A Throwback to survival horror’s origins – flaws and all
Way back in 1996, Resident Evil was released on the original Playstation, and it enthralled and traumatized gamers in equal measure. With a focus on exploration, puzzle-solving, and good old fashioned zombie blasting, the game was a massive hit for Capcom and several sequels followed.
But that was then and this is now.
Survival horror games have changed a lot since the mid-90s; so many of the tropes that gamers were familiar with back in the day – fixed camera angles, pre-rendered backgrounds – have largely become a thing of the past.
Most games in the genre are fully 3D these days, with a greater freedom of movement and more fluid character control. For the most part, this is a good thing, as while we can look upon those older horror games with fondness, they were sometimes frustrating to play.
Fixed camera angles often equated to an increased number of game over moments, as it wasn’t easy to see where enemies were on screen. And the tank-like control scheme and twitchy camera of older titles also caused many a death, as players struggled to move their characters away from danger.

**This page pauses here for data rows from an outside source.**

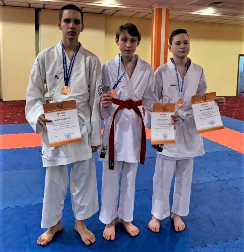 Кроме этого, юноши и девушки из Алтайского края поднялись на третью ступень пьедестала по итогам командного кумитэ. У девушек эти соревнования проходили в рамках фестиваля. Бронзовыми призёрами в составе юношеской команды стали Матвей Сальников, Евгений Ляшенко и Данил Головко, в соревнованиях девушек бронзу завоевали Полина Нятина и Арина Плисова.
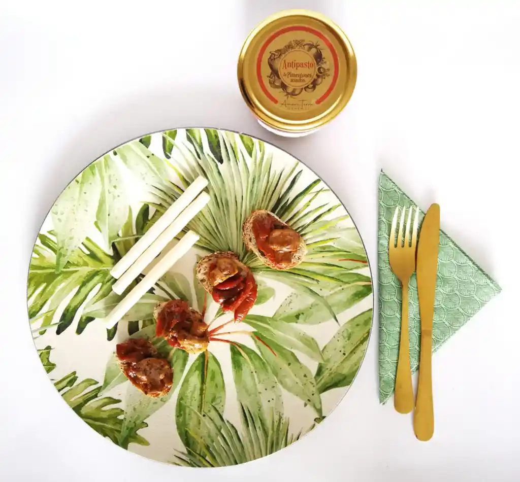 Pimentones asados a fuego lento y encurtidos con champiñones, tomates, cebolla y un toque de ajo. Exquisito antipasto, preparado artesanalmente, con productos de alta calidad, para acompañar cualquier receta que realices. Contiene: pimentones asados, champiñones, tomate deshidratado, ajo, nuez moscada, salsa de soya, sal marina, tomate molido, jengibre y especias. Recomendación: una vez abierto el producto guardarlo en la nevera y consúmelo en el menor tiempo posible. Duración: 1 mes, después de abierto. Modos de uso: acompáñalo con unas galletas de sal, ideal para comer con pan tostado, en tus sándwiches realzara el sabor, acompañalo con tu tabla de quesos preferida.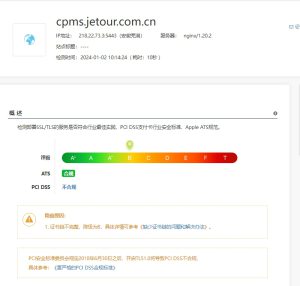 根據(jù)https://myssl.com/ 得知域名將為B級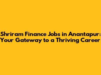 Exploring Job Opportunities at Shriram Finance in Anantapur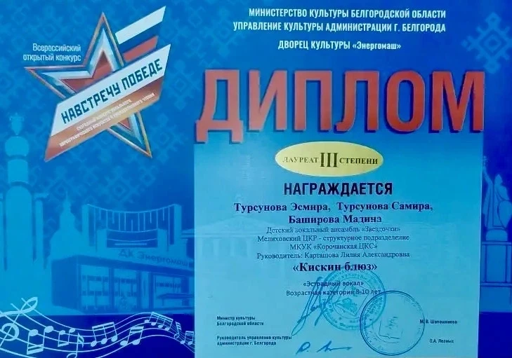 * Лауреаты III степени (трио): Турсунова Эсмира, Турсунова Самира, Баширова Мадина. Яркие номера «Кискин блюз» и «Песня о маме» покорили жюри.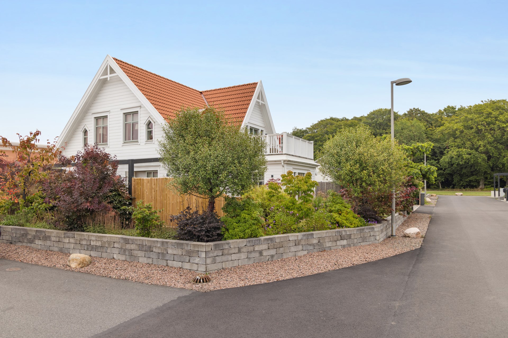 Här erbjuds en friliggande villa om 1 ½ plan med spännande arkitektur i en attraktiv del av Rydebäck - Fortunaterrassen.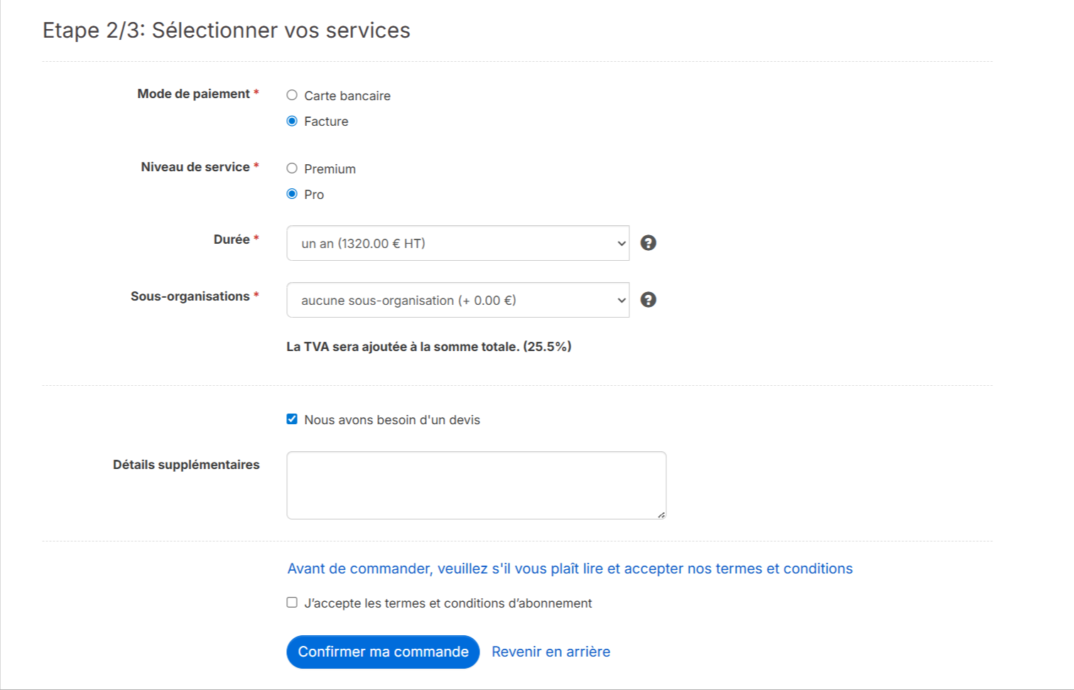 Pour finaliser votre abonnement, vous pouvez choisir entre un règlement sur facturation, un envoi de facture sous Chorus Pro ou un paiement par carte de crédit. A noter que pour la licence de niveau Basic, seul le paiement en carte bancaire est possible.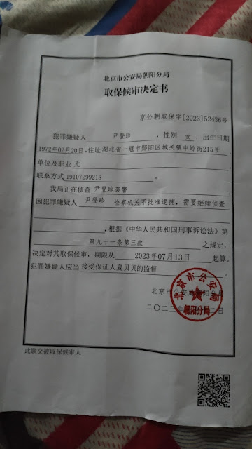 (维权网信息中心报道)2023年7月13日,本网获悉:被北京市公安局朝阳分局无事实根据和法律依据刑事拘留并关押看守所13天的湖北十堰淋巴癌访民尹登珍,在昨天晚上被该分局以“检察机关不批捕、需要继续侦查”为由取保候审,且没有“保人”和“保金”的取保候审。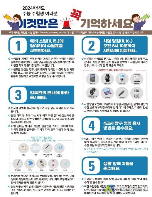 수험생은 수험표를 수령하고, 시험 유의 사항 등 각종 안내 사항을 전달받아야 하므로 시험 전날(11.15.(수)) 실시되는 예비 소집에 반드시 참석해야 한다.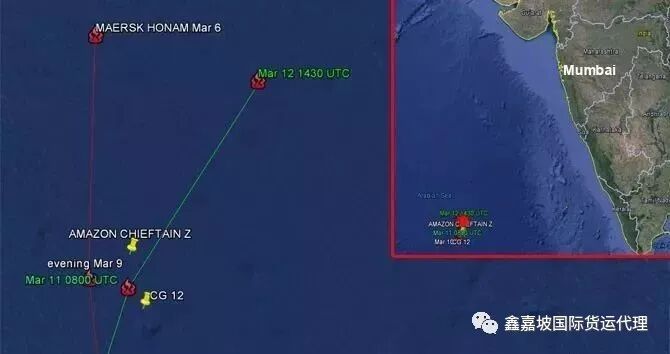 根據(jù)最新消息,截至3月12日,“Maersk Honam”號(hào)AIS信號(hào)顯示可能已經(jīng)被拖往孟買。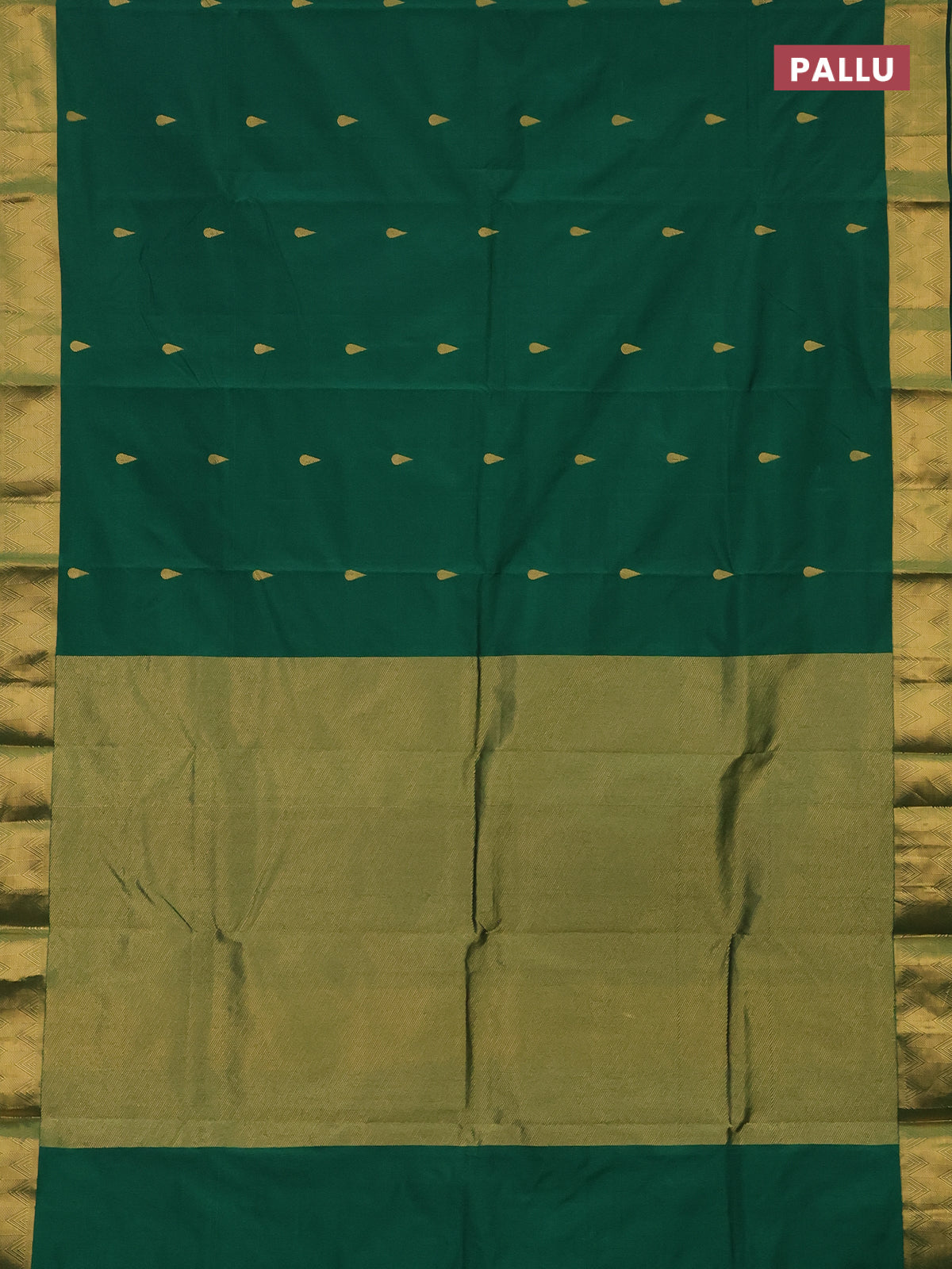Arani semi silk saree green with zari woven thilak buttas and zari woven border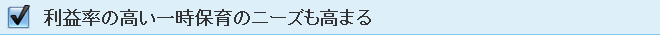 一時保育は利益率の高く保育所経営の利益確保が見込めます。
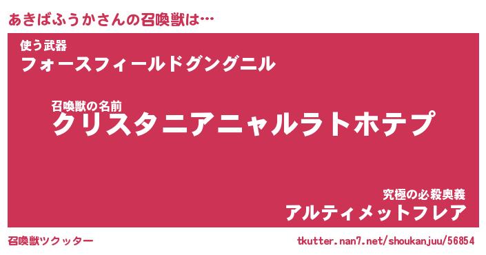 | 伝説のあだ名 | 『封印されしスナイパーあきばふうか』 |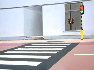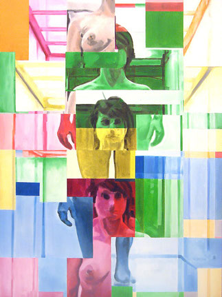 I created two versions: a painting and a spatial piece. On the canvas, the viewer sees an elevator descending, represented by colorful, moving horizontal and vertical bands. The painted fragments are stills from the video. Each time a frame from the film passes over its corresponding painted section, the colors subtly light up.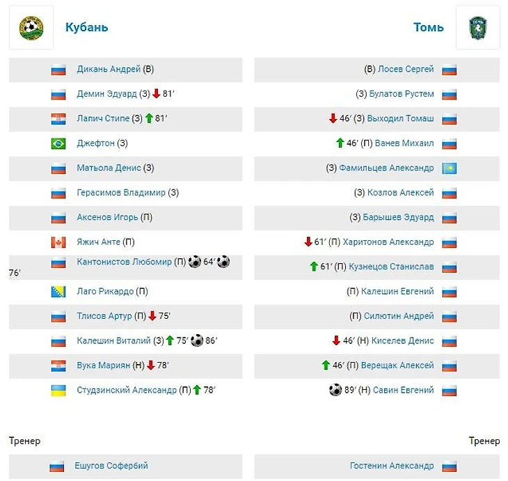 Неофициальный сайт «Томи» так описывает ту игру: «Томичи выступали экспериментальным составом под руководством второго тренера Василия Баскакова и, тем не менее, более 60 минут противостояли основному составу «Кубани». Однако в итоге хозяева поля заслуженно победили 3:1».
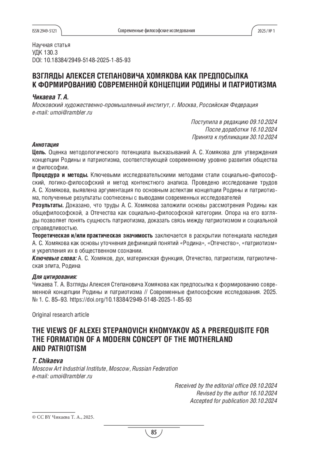 Цель. Оценка методологического потенциала высказываний А. С. Хомякова для утверждения концепции Родины и патриотизма, соответствующей современному уровню развития общества и философии.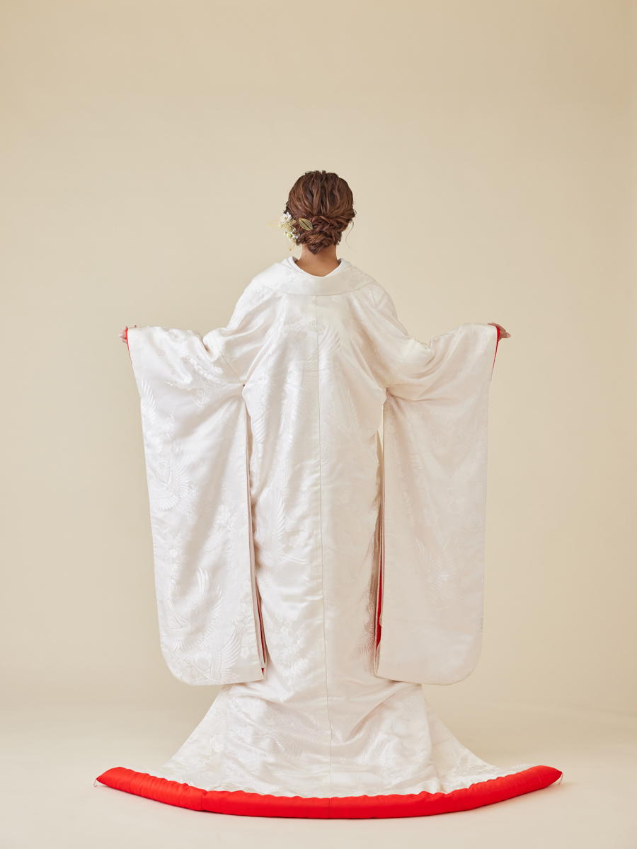 赤い裏地が袖やふきにちらりと見えるふき赤の白無垢は、キリッと引き締まりお洒落な印象を与えます。真っ赤な紅(口紅)がとてもよく似合います。『赤』という色は生命力を表す色。その色を身に着けることにより、未来へとつながる強い生命力を得られることからお祝い事には人気のカラーです。赤ふきの白無垢にも、そんな想いが込められています。

Still, if you have ever wanted to return to the style of early survival horror, you are in for a treat with Tormented Souls. It’s not exactly a great game but it will scratch your itch if you’re wanting a game that has much in common with Resident Evil, Silent Hill, Clock Tower, and other 90s horror titles.
Despite being a throwback to games of old, however, the storytelling here is fairly forgettable. It lacks the world-building of Resident Evil or Silent Hill so don’t expect to be overly invested in the plot during your playthrough time.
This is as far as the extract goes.